• [ASSIGNMENT]
A verbatim copy is needed of the lines below from the one containing "pink hair and" up to and including the one containing "HISPANIA ANTIGUA. ARSE-SAGUNTUM.", excluding pictures.

• [INPUT RECORDS]
+ + + + +
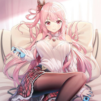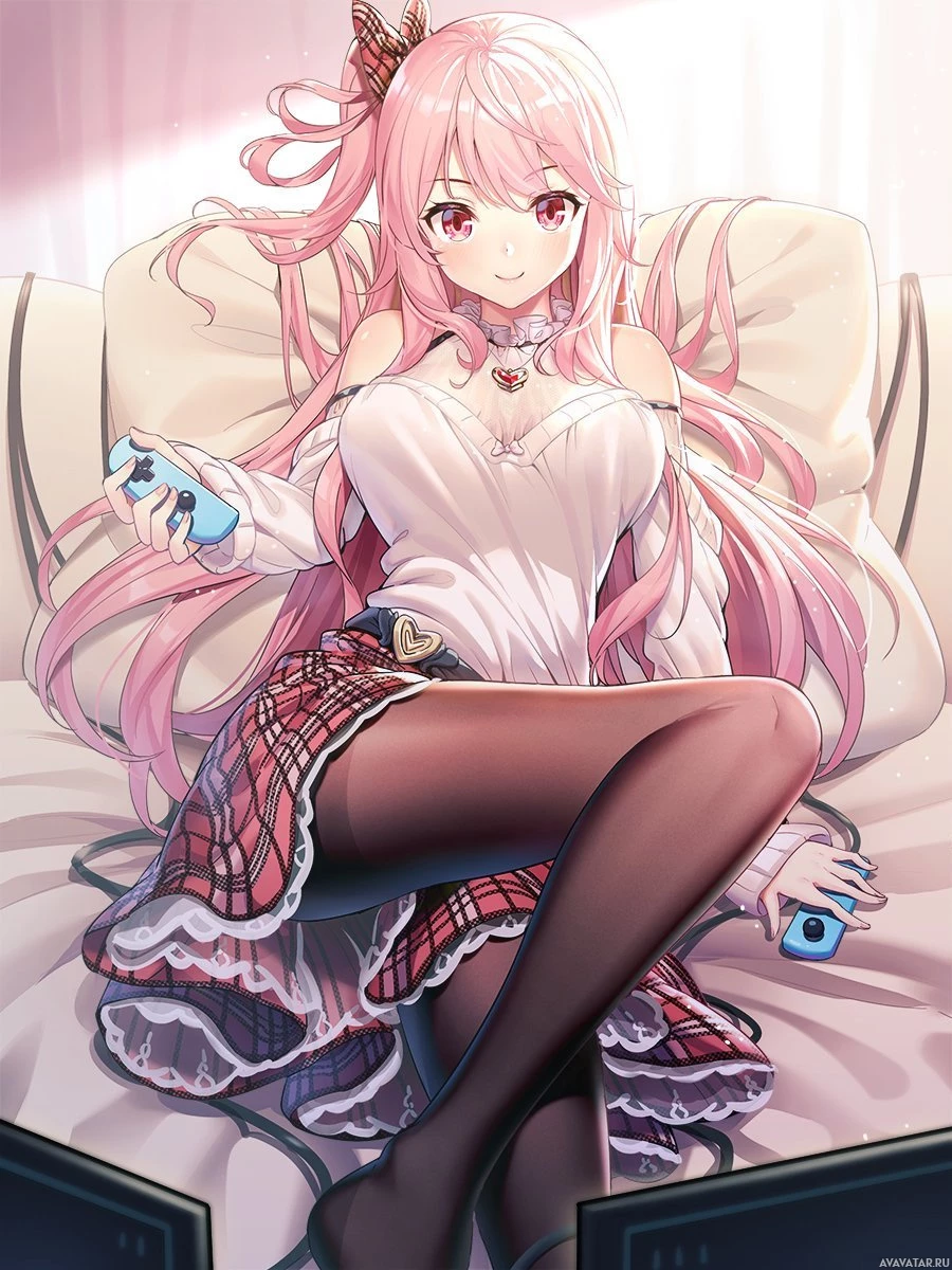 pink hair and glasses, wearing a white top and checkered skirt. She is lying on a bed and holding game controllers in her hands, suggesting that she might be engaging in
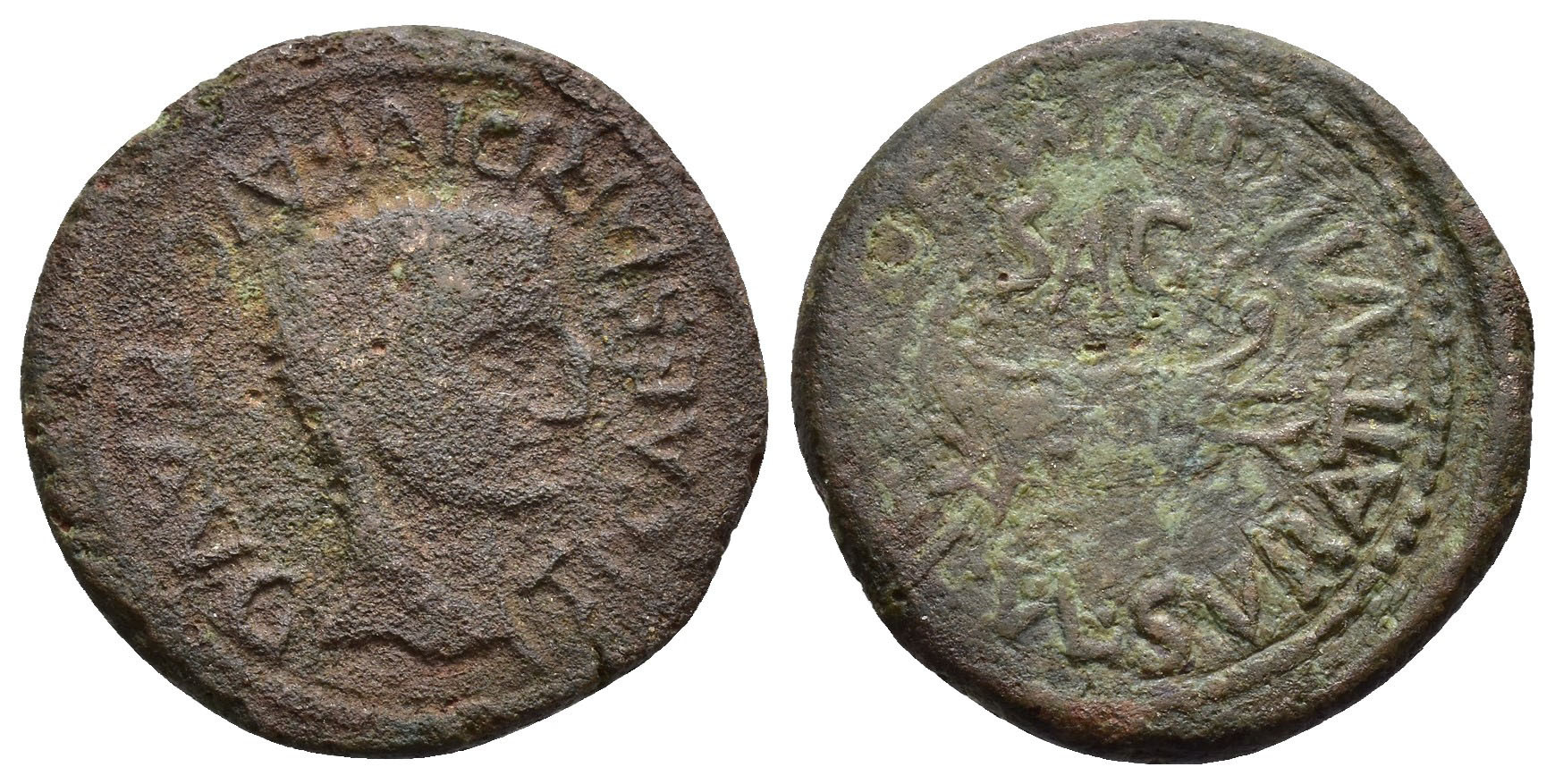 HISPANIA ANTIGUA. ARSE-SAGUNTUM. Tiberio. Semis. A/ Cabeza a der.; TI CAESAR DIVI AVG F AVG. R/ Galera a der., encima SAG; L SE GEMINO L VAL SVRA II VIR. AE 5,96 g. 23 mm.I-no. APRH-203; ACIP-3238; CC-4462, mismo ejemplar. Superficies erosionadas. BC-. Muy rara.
+ + + + +
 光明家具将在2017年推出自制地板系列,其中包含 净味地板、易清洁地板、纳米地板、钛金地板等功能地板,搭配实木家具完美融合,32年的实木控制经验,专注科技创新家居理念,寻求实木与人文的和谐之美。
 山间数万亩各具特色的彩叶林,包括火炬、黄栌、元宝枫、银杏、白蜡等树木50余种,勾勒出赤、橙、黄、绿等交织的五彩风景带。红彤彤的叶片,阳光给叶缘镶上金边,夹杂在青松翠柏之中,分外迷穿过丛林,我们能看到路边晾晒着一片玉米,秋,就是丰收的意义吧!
+ + + + +
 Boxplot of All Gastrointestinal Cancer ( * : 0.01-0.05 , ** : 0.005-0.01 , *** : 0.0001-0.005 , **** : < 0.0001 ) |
+ + + + +
• [OUTPUT OF THE EXERCISE]
 pink hair and glasses, wearing a white top and checkered skirt. She is lying on a bed and holding game controllers in her hands, suggesting that she might be engaging in
 HISPANIA ANTIGUA. ARSE-SAGUNTUM. Tiberio. Semis. A/ Cabeza a der.; TI CAESAR DIVI AVG F AVG. R/ Galera a der., encima SAG; L SE GEMINO L VAL SVRA II VIR. AE 5,96 g. 23 mm.I-no. APRH-203; ACIP-3238; CC-4462, mismo ejemplar. Superficies erosionadas. BC-. Muy rara.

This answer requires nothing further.